YOUR OBJECTIVE: A word-for-word copy of the entries, with images excluded, is the expected answer.

DATASET RECORDS:

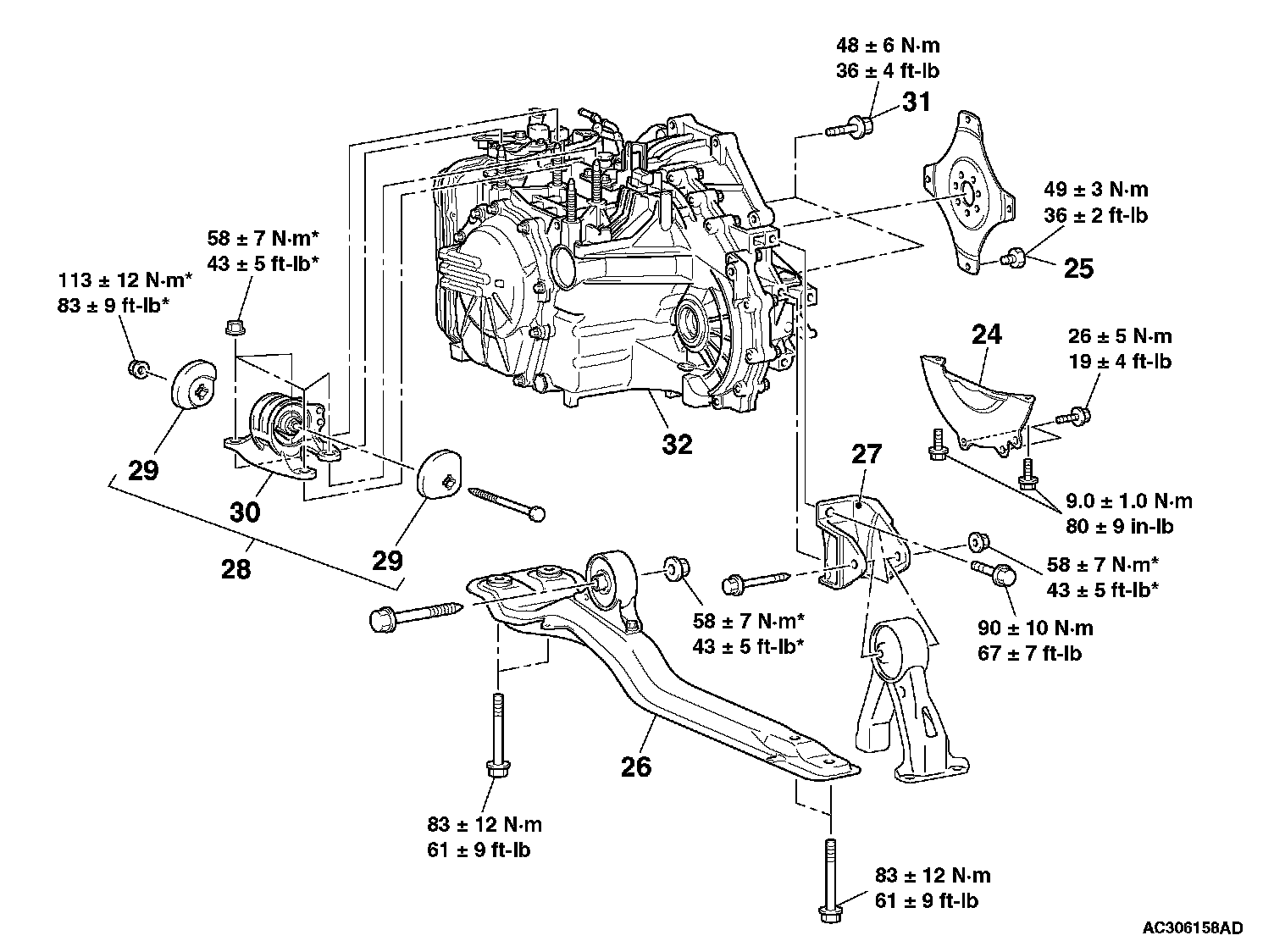 Tightening torque: 226 ±29 Nm (167 ±21 ft-lb)
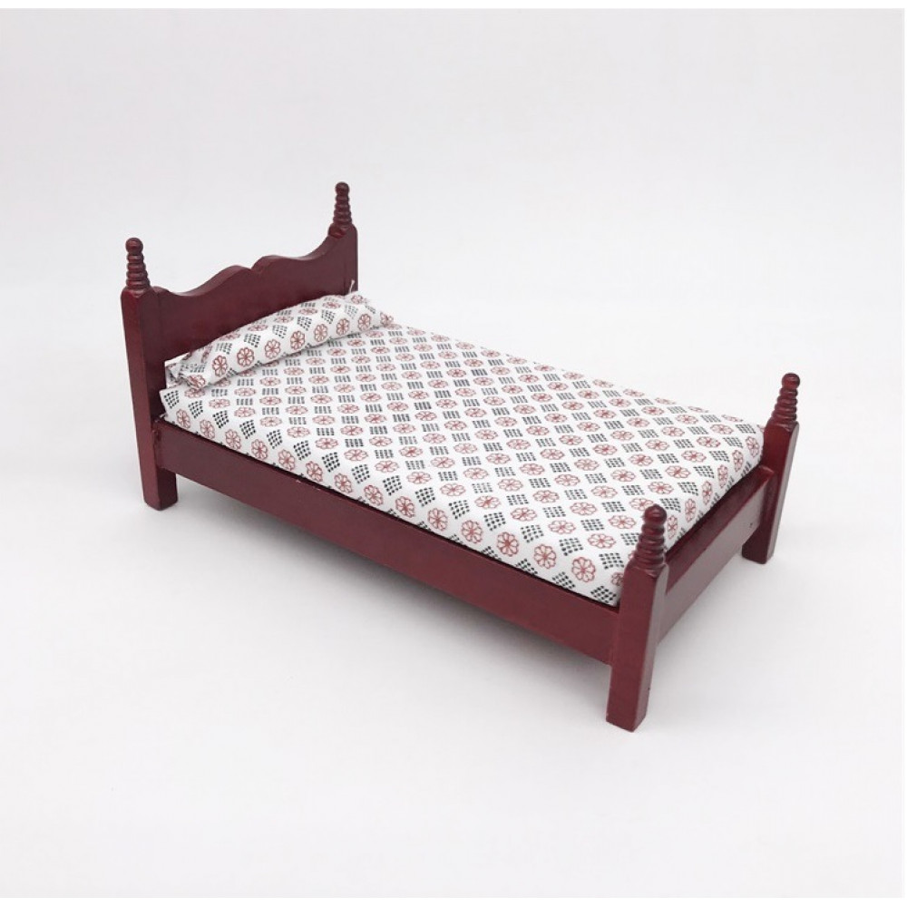 Кровать для кукол деревянная. Миниатюра для румбоксов и кукольных домиков масштаб 1:12 (для кукол ростом около 12 см).
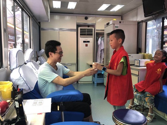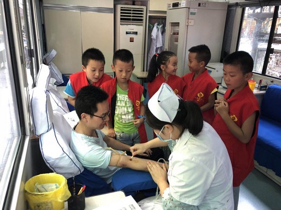近日,恩施市实验小学三年级二班的红领巾们利用暑期自发到舞阳坝爱心献血车开展无偿献血志愿服务。
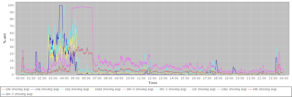 avg(sde) = 6.48 avg(sda) = 6.49 avg(sdq) = 6.51 avg(sdad) = 5.65 avg(dm-0) = 18.43 avg(dm-1) = 9.69 avg(sdr) = 5.64 avg(sdac) = 6.51 avg(sdb) = 5.63 avg(dm-3) = 5.82
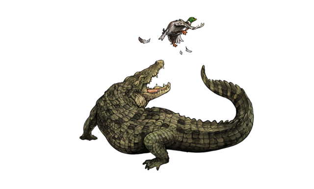 You feel confident enough to attempt snatching prey right from the crocodile's mouth. At least a part of it! Unfortunately, you're too late, and the large reptile gets angry at your intrusion. It abandons the prey only to chase you instead! You manage to escape, but not without an injury. Illness: Open Wound

ANSWER TO THIS PROBLEM:
 Tightening torque: 226 ±29 Nm (167 ±21 ft-lb)
 Кровать для кукол деревянная. Миниатюра для румбоксов и кукольных домиков масштаб 1:12 (для кукол ростом около 12 см).
近日,恩施市实验小学三年级二班的红领巾们利用暑期自发到舞阳坝爱心献血车开展无偿献血志愿服务。
 avg(sde) = 6.48 avg(sda) = 6.49 avg(sdq) = 6.51 avg(sdad) = 5.65 avg(dm-0) = 18.43 avg(dm-1) = 9.69 avg(sdr) = 5.64 avg(sdac) = 6.51 avg(sdb) = 5.63 avg(dm-3) = 5.82
 You feel confident enough to attempt snatching prey right from the crocodile's mouth. At least a part of it! Unfortunately, you're too late, and the large reptile gets angry at your intrusion. It abandons the prey only to chase you instead! You manage to escape, but not without an injury. Illness: Open Wound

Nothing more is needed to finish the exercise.